More disturbing still, our regulators too, have been equally uncritical, if not systematically biased in accepting flawed data and unsubstantiated claims of safety in unpublished reports submitted by companies seeking market approval for a whole range of GM food and feed while ignoring and dismissing a long string of evidence preceding Ermakova’s findings suggesting that the GM technology may be inherently hazardous, as we have documented elsewhere.8
A recent case in point is Monsanto’s feeding study submitted in 2003 to the European Food Safety Authority (EFSA) for market approval of its GM maize MON 863 that claimed to find no adverse impacts. Independent review9 however, found serious flaws in the study at every stage, from experimental design, to data collection, reporting and analysis.

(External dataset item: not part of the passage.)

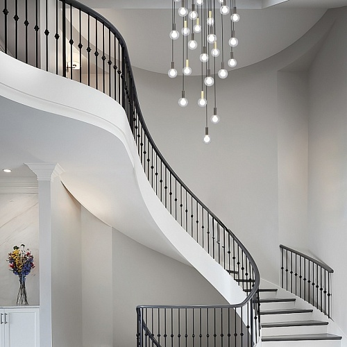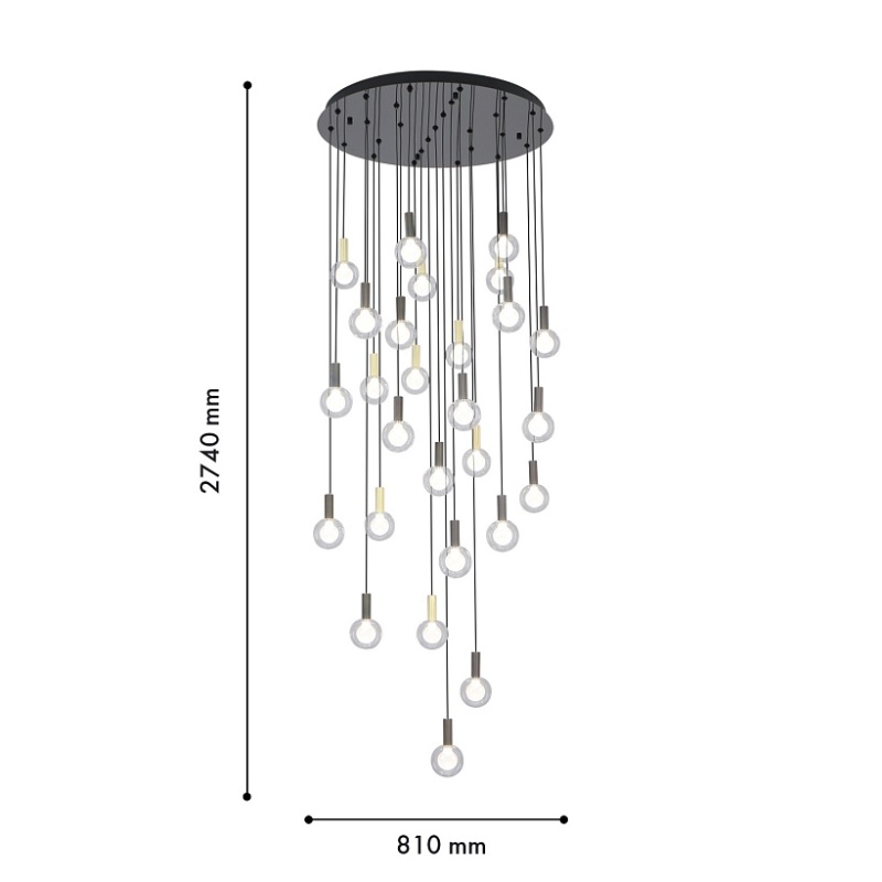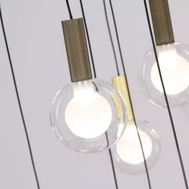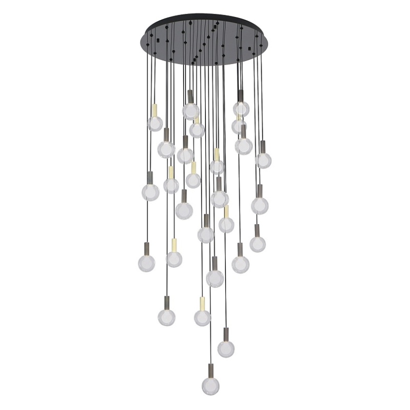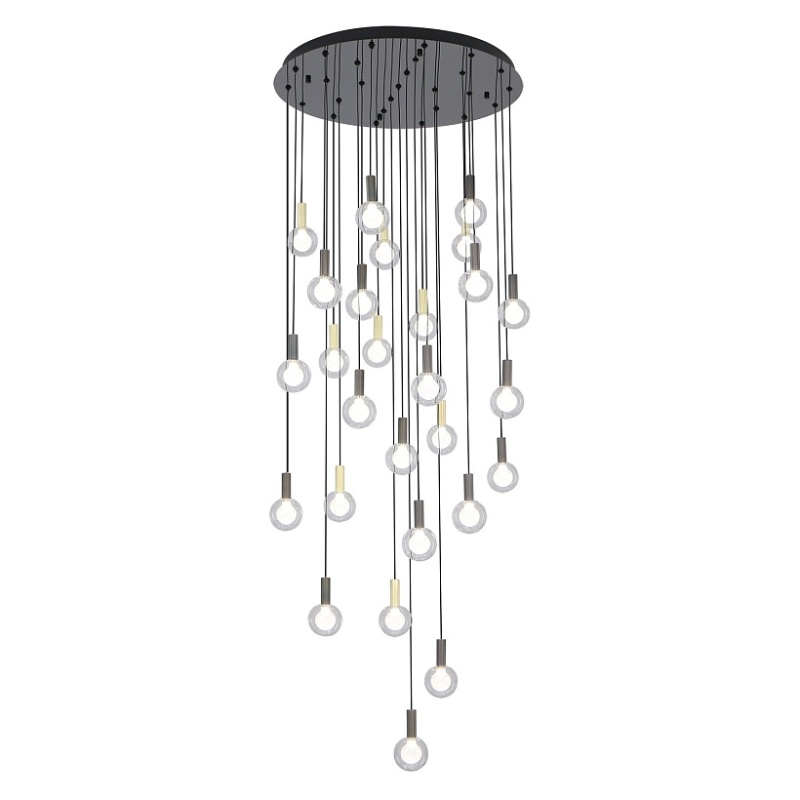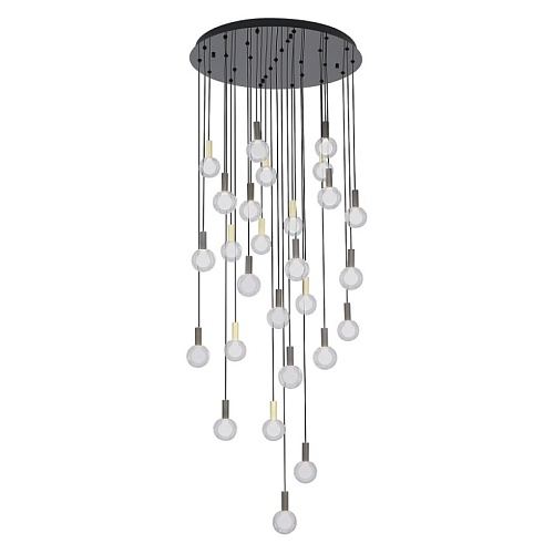Подвесная каскадная люстра с черным каркасом, подвесы в трех цветах - матовый черный, матовое золото и античная бронза, плафоны из двойного стекла — прозрачного снаружи и матового внутри, декоративные цоколи в форме металлических цилиндров с рифленым решетчатым узором, LED-модули.

Monsanto, supported by EFSA, kept the study from public scrutiny under a false claim of confidential business information until a German court order forced Monsanto to release the full report in 2005. Monsanto published the study in 2006,10 restating its position that the significant differences between transgenic and non-transgenic fed groups were “not biologically meaningful.” But a reanalysis of the data using the appropriate statistical tests and found signs of toxicity to the liver and kidney of rats fed the GM maize.11
Nature Biotechnology, like our regulators, have forgotten that the safety of RR soya is a matter of public health, and any new data suggesting it might not be safe should be taken most seriously, especially as one commentary puts it,12 “the prior research is inconclusive at best.” The ‘interview’ with Ermakova and the follow-up in which Chassy et al are given the last word indicates that, “Nature Biotechnology has for some time been unclear where the line that traditionally separates trade magazines from science journals lies.”